Hence, ∆PQR cannot be drawn.

Question 2.

Draw ∆ABC such that l(BC) = 8 cm, l(CA) = 6 cm, m∠ABC = 40°.

Draw a ray to make an angle of 40° with the base BC, l(BC) = 8 cm. We have to obtain point ‘A’ on the ray. With ‘C’ as the centre, draw an arc of radius 6 cm to do so. What do we observe? The arc intersects the ray in two different points. Thus, we get two triangles of two different shapes having the given measures. (Textbook pg. no. 7)

Solution:

Here ∠B is an acute angle. ∠C can be an acute angle or an obtuse angle.
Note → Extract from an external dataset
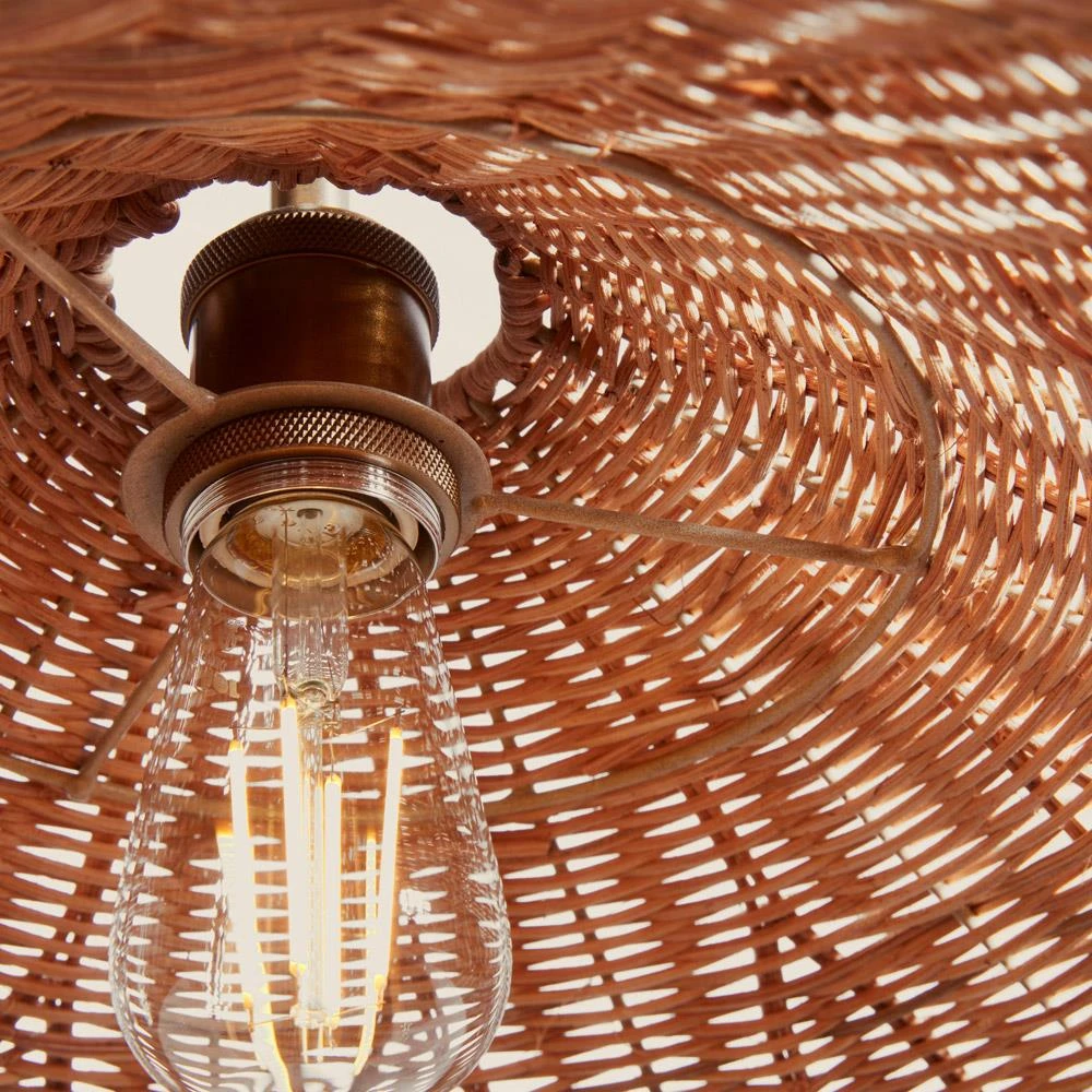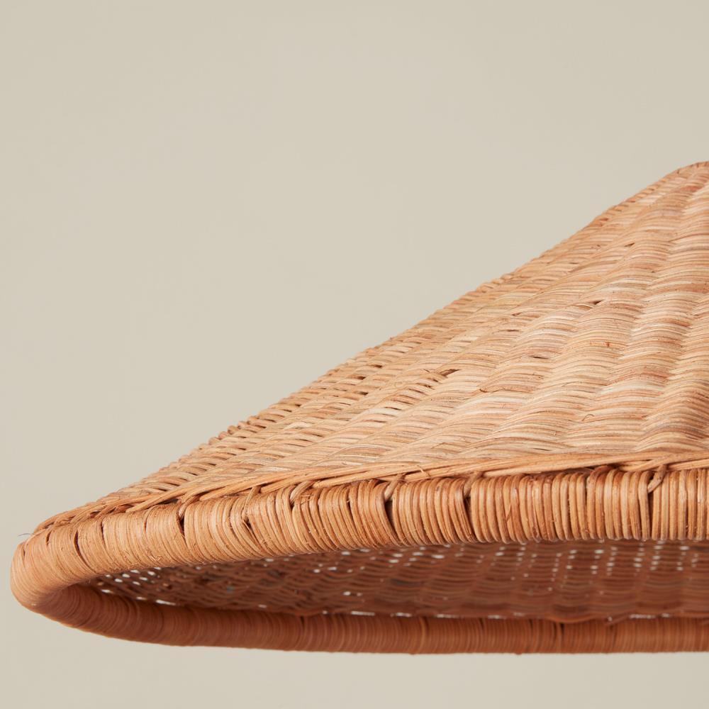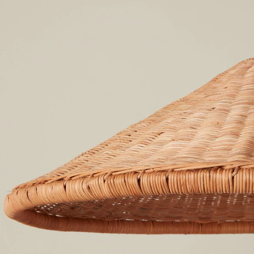 • Features handwoven shade from sustainably harvested rattan

Hence we get two triangles of two different shapes.

Question 3.

Can a triangle be drawn if the three angles are given, but not any side? How many such triangles can be drawn? (Textbook pg. no. 7)

Solution:

Yes a triangle can be drawn.

Since the length of side is not given, any length of side can be selected and then triangle can be constructed. We will get different triangles for different length of sides.

Question 4.

Using the ruler, measure the lengths of seg AB and seg PQ. Are they of same length? Trace the seg AB on a sheet of transparent paper. Now place this new segment on PQ verify that if point A is placed on point P, then B falls on Q. (Textbook pg. no. 7)

l(AB) = ___

l(PQ) = ___

Solution:

l(AB) = 4 cm

l(PQ) = 4 cm

Since the length of two segments is the same, if placed on one another, they will coincide.

Question 5.

From the shape shown below, write the names of the pairs of congruent line segments. (Textbook pg. no. 8)

i. seg AB ≅ seg DC

ii. seg AE ≅ seg BH

iii. seg EF ≅ seg ___

iv. seg DF ≅ seg ___

Solution:

seg EF ≅ seg AD ≅ seg BC ≅ seg HG

seg DF ≅ seg CG ≅ seg AE ≅ seg BH

Question 6.

Take a rectangular paper. Place two opposite sides upon each Other. What do you observe? (Textbook pg. no. 7)

Solution:

Opposite sides of the rectangular paper coincide and hence are congruent.